* [Supplied material]:
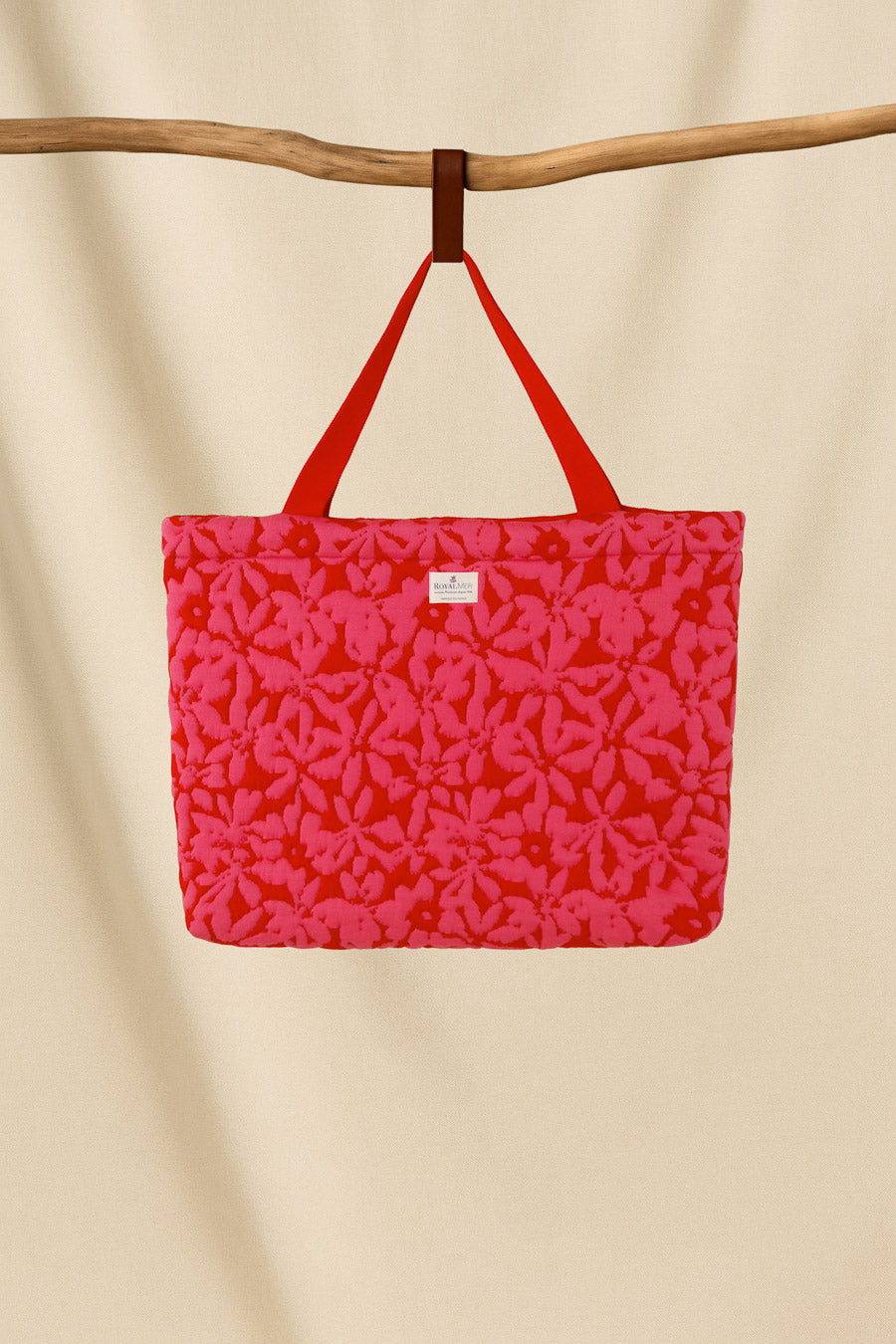 Grand cabas fleurs Gaby ROYAL MER est l'accessoire parfait pour allier style et praticité. Ce cabas, confectionné en 100% coton, se distingue par son motif floral vibrant en nuances de rouge et rose, apportant une touche de fraîcheur à votre garde-robe.
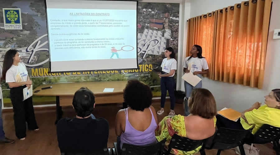 O prefeito Lucas Seren, recebeu segunda-feira (06/11), jovens do programa "Jovem Aprendiz: Agora é sua vez" da ONG Desenvolvendo a Criança e Adolescente (DCA), na sala de reunião da Prefeitura, que realizaram apresentação de conclusão de curso.
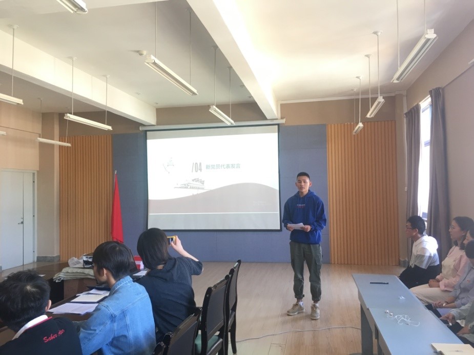 仪式进行到第三项,王懿娜老师带领43名新发展预备党员面对党旗进行入党宣誓。宣誓仪式过后,预备党员代表王申义同志发言,他表示:通过党的培养自己的能力得到了提升,在以后的学习生活中会继续以一名共产党员的标准严格要求自己,更加努力,学好理论知识,提高个人素质,更好地服务社会,起到党员先锋模范带头作用。

* [Assigned task]: Strip out the pictures and repeat the listing above exactly.

* [Response to the exercise]:
 Grand cabas fleurs Gaby ROYAL MER est l'accessoire parfait pour allier style et praticité. Ce cabas, confectionné en 100% coton, se distingue par son motif floral vibrant en nuances de rouge et rose, apportant une touche de fraîcheur à votre garde-robe.
 O prefeito Lucas Seren, recebeu segunda-feira (06/11), jovens do programa "Jovem Aprendiz: Agora é sua vez" da ONG Desenvolvendo a Criança e Adolescente (DCA), na sala de reunião da Prefeitura, que realizaram apresentação de conclusão de curso.
 仪式进行到第三项,王懿娜老师带领43名新发展预备党员面对党旗进行入党宣誓。宣誓仪式过后,预备党员代表王申义同志发言,他表示:通过党的培养自己的能力得到了提升,在以后的学习生活中会继续以一名共产党员的标准严格要求自己,更加努力,学好理论知识,提高个人素质,更好地服务社会,起到党员先锋模范带头作用。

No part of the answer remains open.